== Supplied material ==
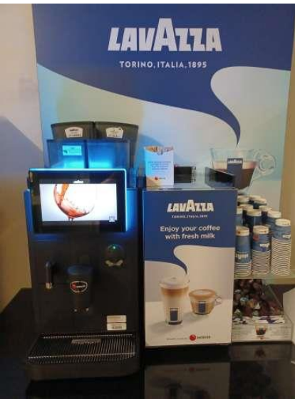
Image: Lavazza solution

Offre d'une gamme de boissons leader de l'industrie, y compris la gamme de base classique, comme l'espresso et le cappuccino, ainsi que des boissons glacées, thé, alternatives à base de plantes, et sirops de café. Nous voulons nous assurer que la présentation dans votre magasin C est aussi holistique que possible.
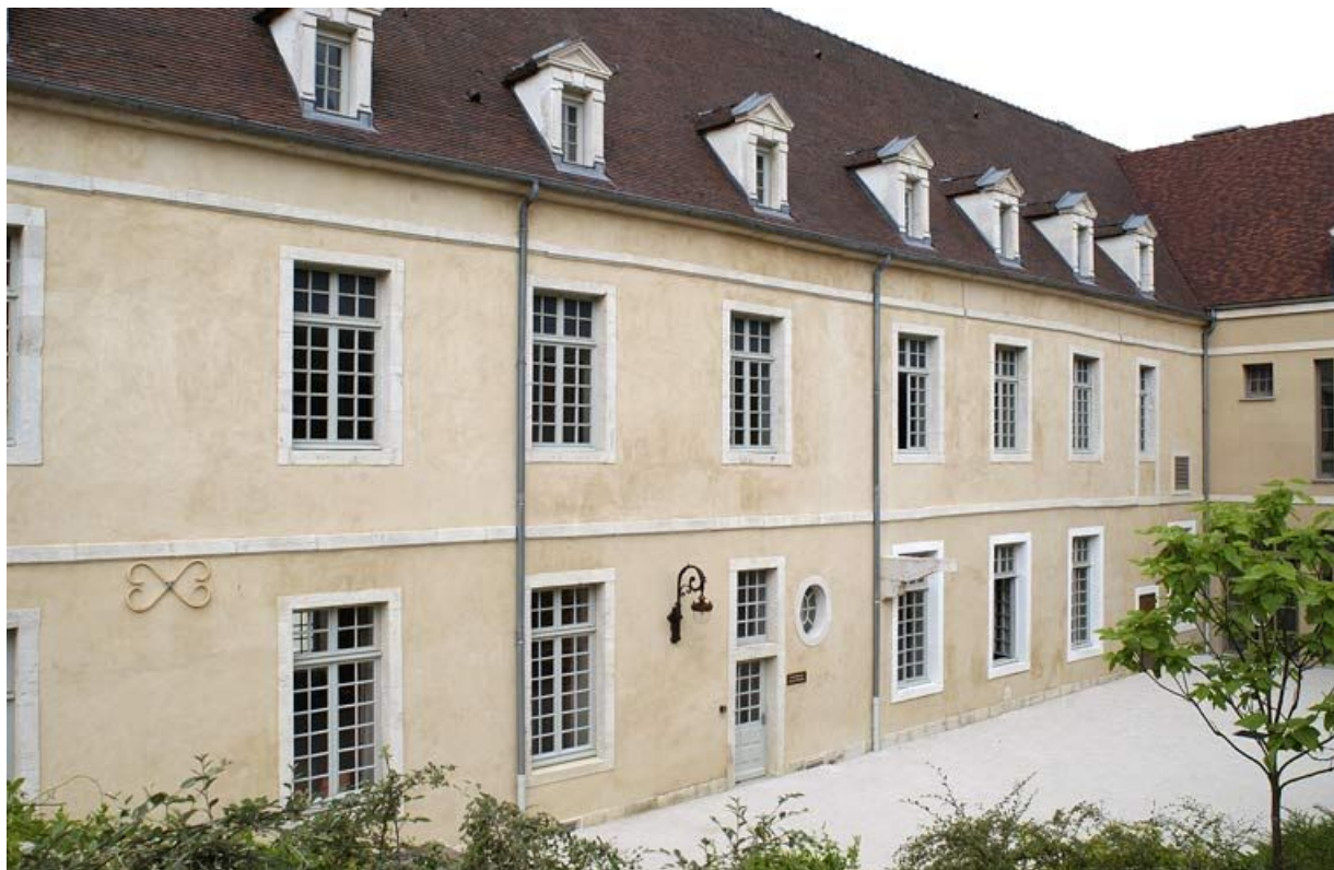
Cour dite des cuisines : élévation est de l'aile droite dite "le grand corps de logis".
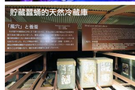
貯藏蠶蛹的天然冷藏庫
===
**What you will do:** Print the data above exactly; drop every picture.

**Output:**
Image: Lavazza solution

Offre d'une gamme de boissons leader de l'industrie, y compris la gamme de base classique, comme l'espresso et le cappuccino, ainsi que des boissons glacées, thé, alternatives à base de plantes, et sirops de café. Nous voulons nous assurer que la présentation dans votre magasin C est aussi holistique que possible.
Cour dite des cuisines : élévation est de l'aile droite dite "le grand corps de logis".
貯藏蠶蛹的天然冷藏庫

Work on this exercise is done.